I have been thinking about buying some of these, but they are SO expensive. I could buy 3 jars of peanut and a lot of Ramen noodles for the price of one MRE.


----------



## ComputerGuy (Dec 10, 2010)

MRE's are one of our in-place meal options. Not a mainstay by any means. I got them pretty cheap a year or two ago before peope started buying them up.

I love them but, I lived on them for about a year when deployed to Rwanda and the middle east.

Here is a handy site: http://www.mreinfo.com/


----------



## mojo4 (Feb 19, 2012)

Well if you store lots of MRE's you won't need to store any TP!! The meals have been a little tastier but I would have traded a days worth of MRE's for one can of refried beans! When you add in the cost and size I would probably go for more canned food. I think its much tastier, healthier and cheaper and just as easy to prepare but that's my opinion.


----------



## ndutchak1985 (Apr 5, 2011)

We make our own "MRE" style meals, Main course being something like ramen or soup mixes with a meat (tuna and spam singles work great) throw in a fun size pack of peanut m&ms and some crackers or cookies, all vac sealed and bagged up with a fork spoon and knive. Work great plus you can customize them to your own taste and they wont act as a hinder binder.


----------



## bahramthered (Mar 10, 2012)

I bought a 12 pack a few weeks ago. I have to say the ones I bought came without the heater but they are light. Each one seems to come with a load of redundant stuff. They are bulky.

I guess it's cowardice but I tossed two into a hike bag with the intent of trying them. They're still there. Even after a hike In was hungry as hell and just didn't want to open them, not sure if it was some saving them idea or just fear of trying them.

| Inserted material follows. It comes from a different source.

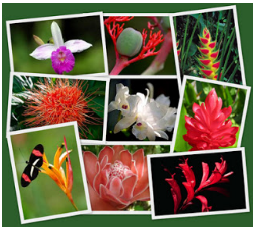
La flora y la fauna en Costa Rica

Marta Moreira, www.elindependiente.com , 30/06/2018

But that 12 pack broke out to 2 in my car, 3 in my BoB, and 2 in that hiking bag, rest in my closet I'm sure I can think of something for all those extra forks and matches.


----------



## rider1k (Apr 13, 2012)

Go ahead and open one and eat it. They are actually not bad. Be careful storing them in your car if it gets hot Inside. The life of the MRE goes down rapidly if stored at higher temps.


----------